In the end, the storm did what most models hadn't projected, and that was move directly over the region as opposed to sliding far to the southwest and bringing just a chance of snow.

I was out sick Monday and so I missed the chance to rave about the tremendous amount of snowfall that was brought to parts of the region over the weekend.

The weekend storm system was a tough one to pinpoint as many of the computer models were struggling throughout the week on how it was going to impact the state. In the end, the storm did what most models hadn't projected, and that was move directly over the region as opposed to sliding far to the southwest and bringing just a chance of snow.

As you've probably noticed, the storm system favored Ada County and the Boise Mountains, in addition to the southern highland areas of the state. Areas in the Boise Mountains saw a foot of snowfall and even parts of Boise picked up 6 inches. We've even heard reports from Bogus Basin personnel that they received 28 inches of new snow over the course of the last snowstorm.

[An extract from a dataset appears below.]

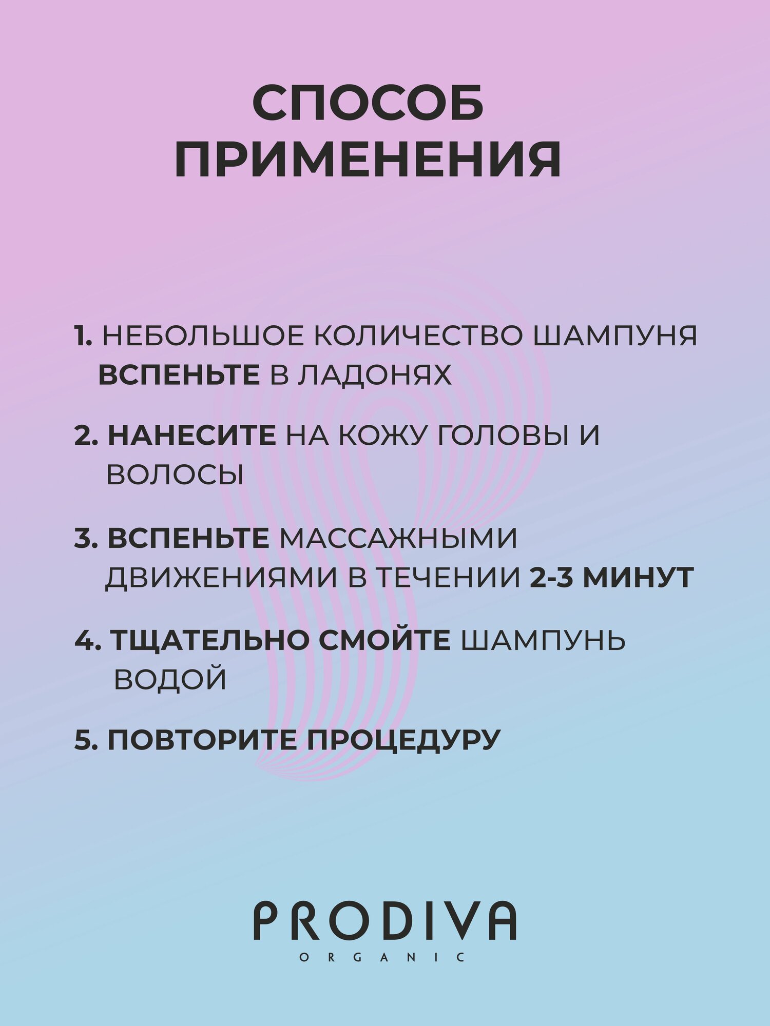 1. Небольшое количество шампуня вспеньте в ладонях 2. Нанесите на кожу головы и волосы 3. Вспеньте массажными движениями в течении 2-3 минут 4. Тщательно смойте шампунь водой 5. Повторите процедуру

This is a remarkable start to the winter season for many locations and, after a drier year last year, we hope it keeps up.

The extent of snowfall was impressive if you look at MODIS satellite imagery from December 3, 2018. The bright blue seen on the map shows the snow coverage over the region. Most of our southern water basins saw dismal amounts of moisture last season but, at least for now, are in pretty good shape. That being said, nearly all of winter still lies ahead and much could change from this point. Peak snowpack usually isn't observed until April 1.